Task details: Return all entries precisely as they stand, without the images.

-- Provided material follows --

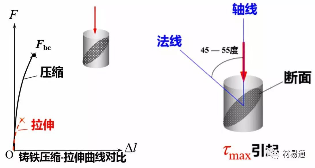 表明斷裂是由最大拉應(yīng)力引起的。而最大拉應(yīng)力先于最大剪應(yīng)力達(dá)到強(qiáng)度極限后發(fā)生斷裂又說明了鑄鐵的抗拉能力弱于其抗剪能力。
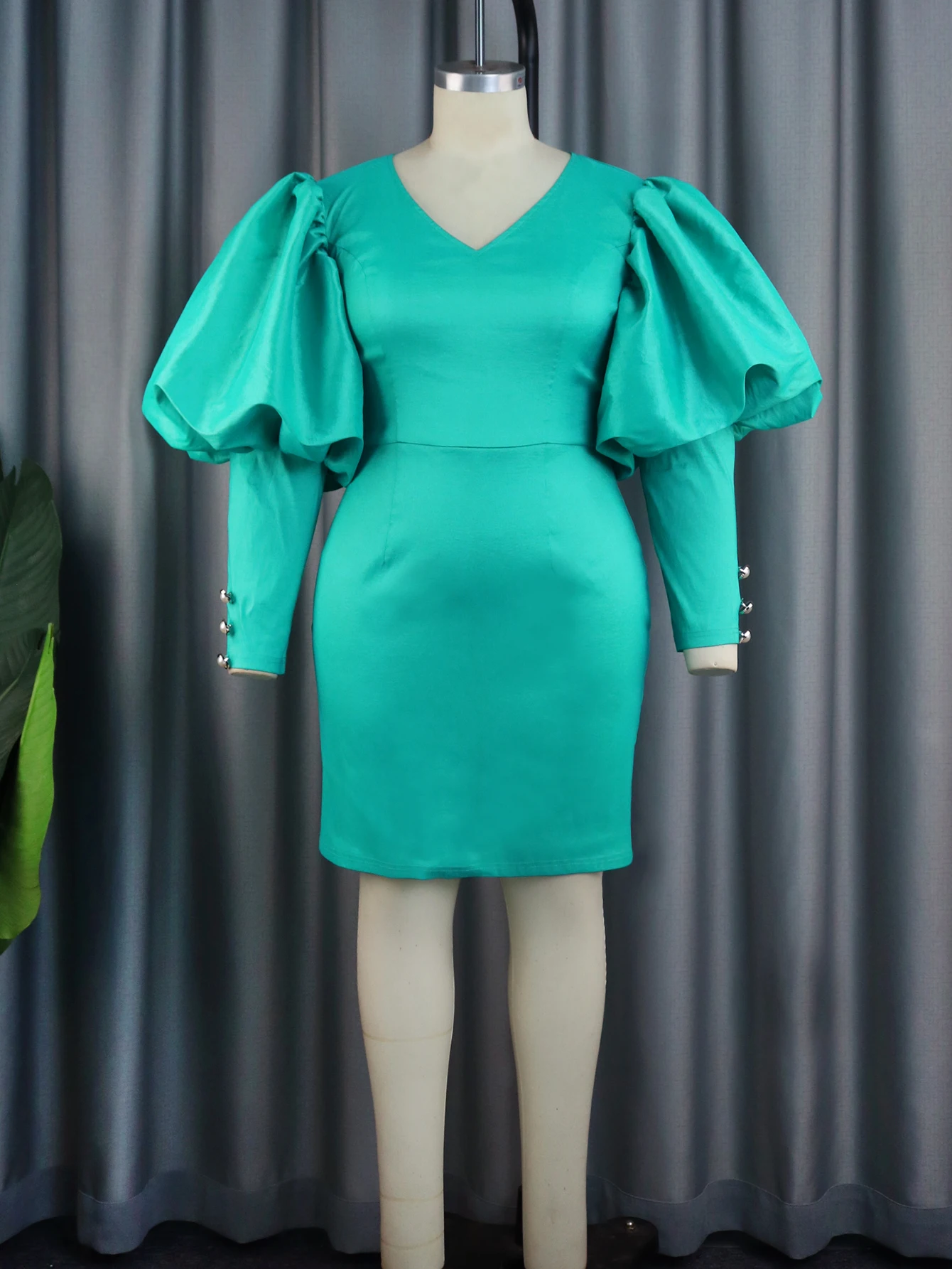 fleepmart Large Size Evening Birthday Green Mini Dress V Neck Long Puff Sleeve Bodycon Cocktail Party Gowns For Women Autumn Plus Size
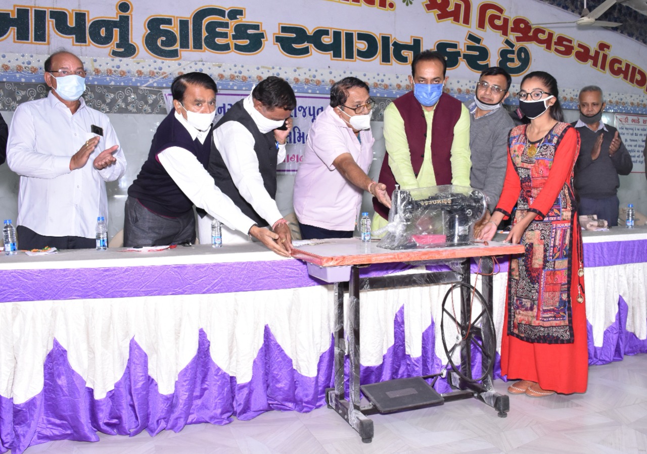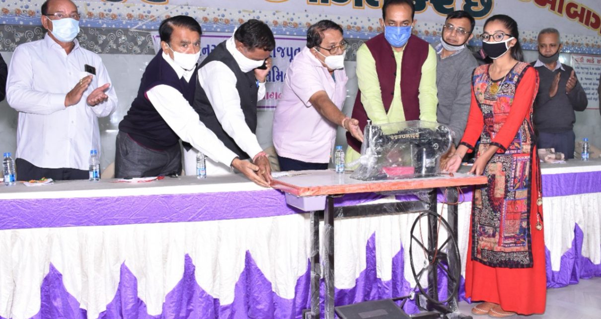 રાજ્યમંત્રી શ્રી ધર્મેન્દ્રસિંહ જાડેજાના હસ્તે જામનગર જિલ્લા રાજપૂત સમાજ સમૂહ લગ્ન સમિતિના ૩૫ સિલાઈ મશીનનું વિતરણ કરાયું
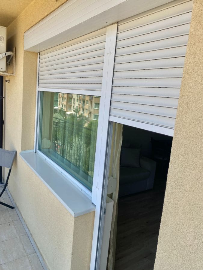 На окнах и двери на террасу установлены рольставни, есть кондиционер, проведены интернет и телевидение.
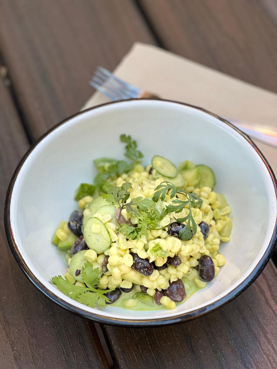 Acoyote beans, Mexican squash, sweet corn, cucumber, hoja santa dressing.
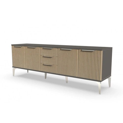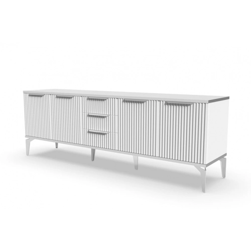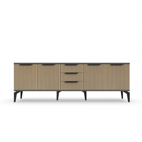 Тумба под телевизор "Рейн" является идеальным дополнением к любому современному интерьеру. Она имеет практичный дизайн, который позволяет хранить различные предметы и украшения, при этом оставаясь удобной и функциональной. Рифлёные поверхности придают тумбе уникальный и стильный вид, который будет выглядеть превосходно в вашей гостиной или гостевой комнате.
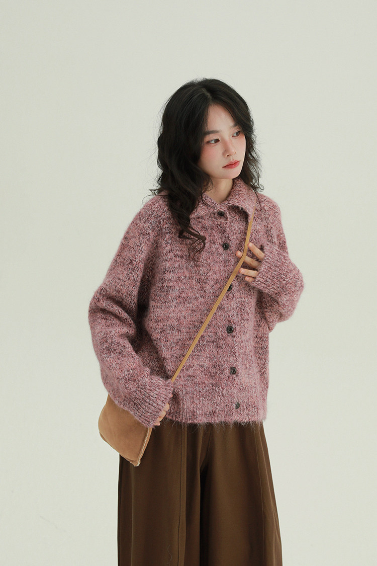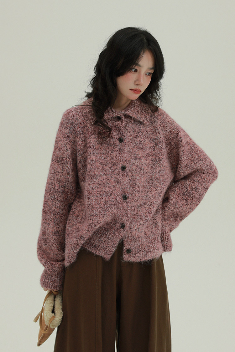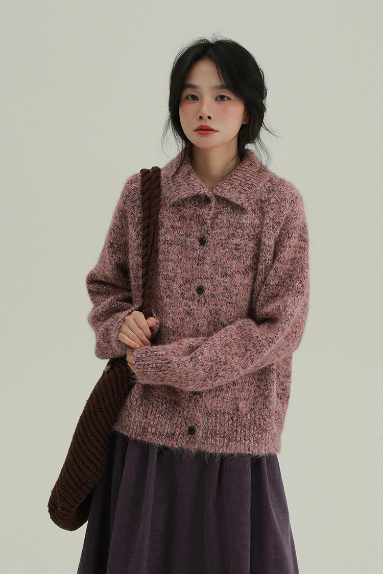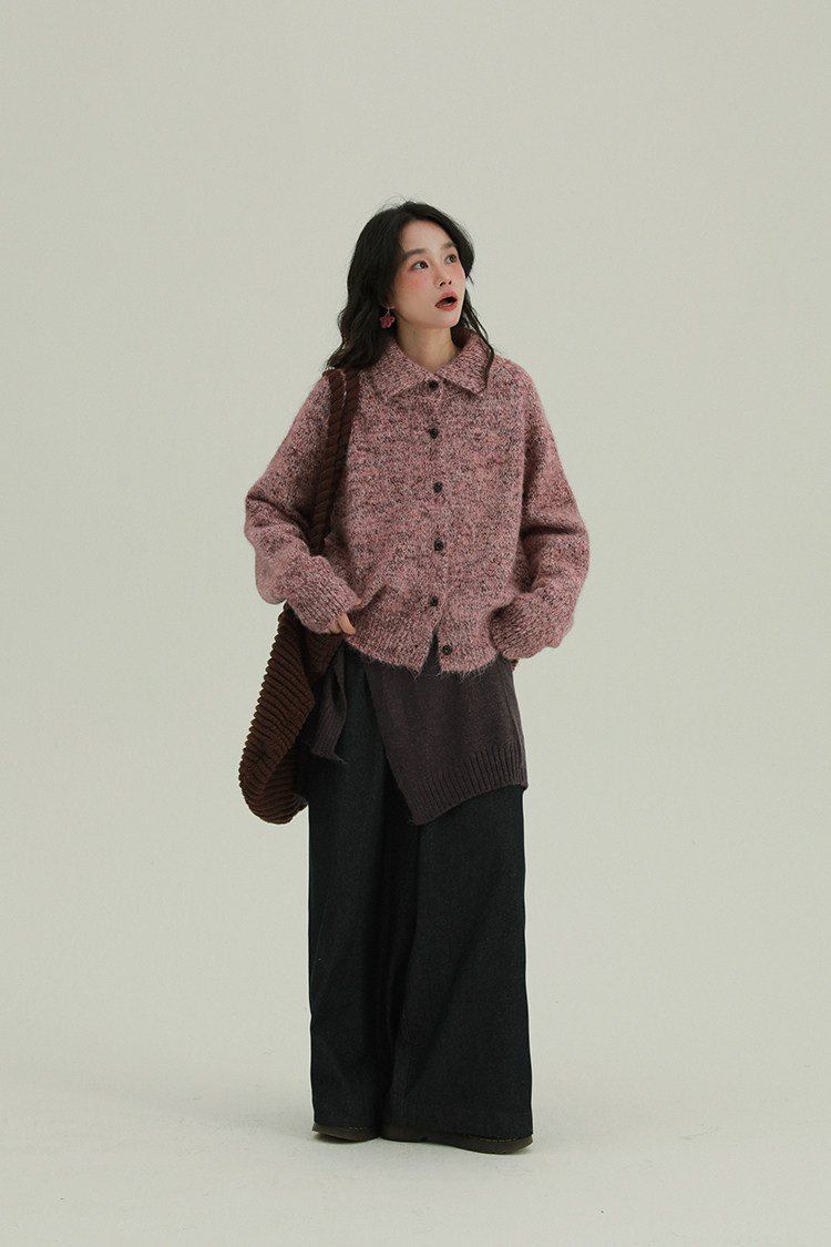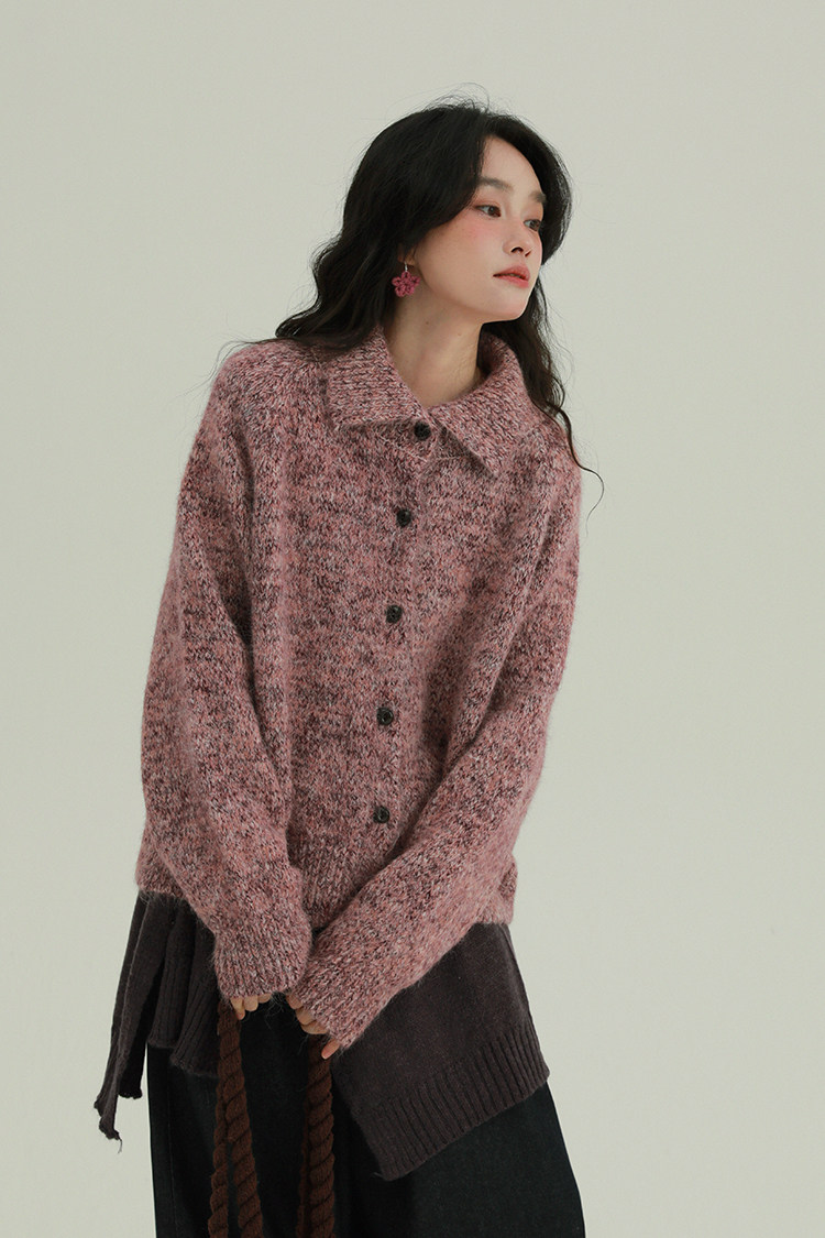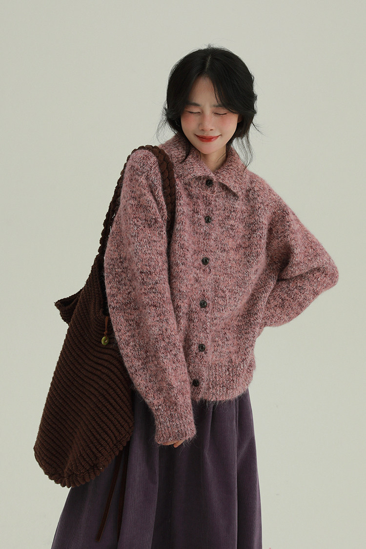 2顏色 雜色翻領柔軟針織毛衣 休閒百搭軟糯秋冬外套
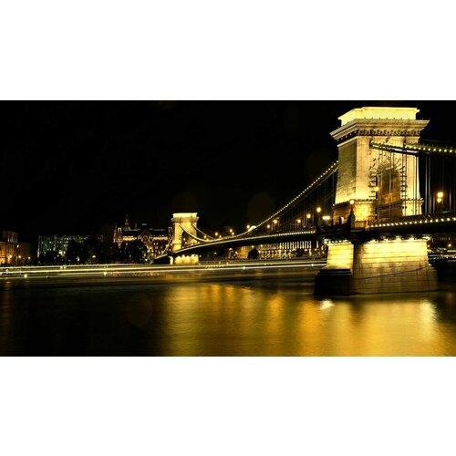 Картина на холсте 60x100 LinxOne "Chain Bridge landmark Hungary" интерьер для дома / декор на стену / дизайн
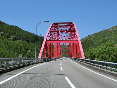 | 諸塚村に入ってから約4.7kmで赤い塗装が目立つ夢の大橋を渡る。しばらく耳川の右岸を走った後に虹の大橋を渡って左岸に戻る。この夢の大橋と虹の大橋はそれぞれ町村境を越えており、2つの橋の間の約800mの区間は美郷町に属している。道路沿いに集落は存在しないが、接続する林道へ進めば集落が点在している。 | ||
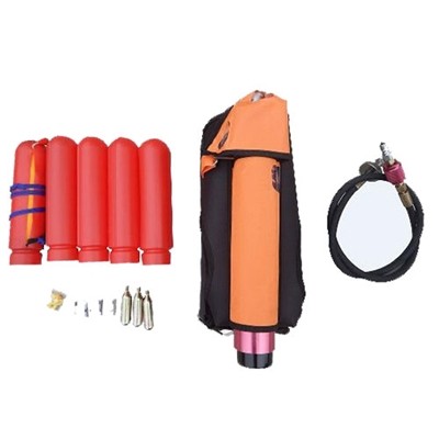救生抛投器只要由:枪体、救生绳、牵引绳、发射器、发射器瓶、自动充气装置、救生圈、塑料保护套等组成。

-- Provided material concluded --

Expected answer:
 表明斷裂是由最大拉應(yīng)力引起的。而最大拉應(yīng)力先于最大剪應(yīng)力達(dá)到強(qiáng)度極限后發(fā)生斷裂又說明了鑄鐵的抗拉能力弱于其抗剪能力。
 fleepmart Large Size Evening Birthday Green Mini Dress V Neck Long Puff Sleeve Bodycon Cocktail Party Gowns For Women Autumn Plus Size
 રાજ્યમંત્રી શ્રી ધર્મેન્દ્રસિંહ જાડેજાના હસ્તે જામનગર જિલ્લા રાજપૂત સમાજ સમૂહ લગ્ન સમિતિના ૩૫ સિલાઈ મશીનનું વિતરણ કરાયું
 На окнах и двери на террасу установлены рольставни, есть кондиционер, проведены интернет и телевидение.
 Acoyote beans, Mexican squash, sweet corn, cucumber, hoja santa dressing.
 Тумба под телевизор "Рейн" является идеальным дополнением к любому современному интерьеру. Она имеет практичный дизайн, который позволяет хранить различные предметы и украшения, при этом оставаясь удобной и функциональной. Рифлёные поверхности придают тумбе уникальный и стильный вид, который будет выглядеть превосходно в вашей гостиной или гостевой комнате.
 2顏色 雜色翻領柔軟針織毛衣 休閒百搭軟糯秋冬外套
 Картина на холсте 60x100 LinxOne "Chain Bridge landmark Hungary" интерьер для дома / декор на стену / дизайн
 | 諸塚村に入ってから約4.7kmで赤い塗装が目立つ夢の大橋を渡る。しばらく耳川の右岸を走った後に虹の大橋を渡って左岸に戻る。この夢の大橋と虹の大橋はそれぞれ町村境を越えており、2つの橋の間の約800mの区間は美郷町に属している。道路沿いに集落は存在しないが、接続する林道へ進めば集落が点在している。 | ||
救生抛投器只要由:枪体、救生绳、牵引绳、发射器、发射器瓶、自动充气装置、救生圈、塑料保护套等组成。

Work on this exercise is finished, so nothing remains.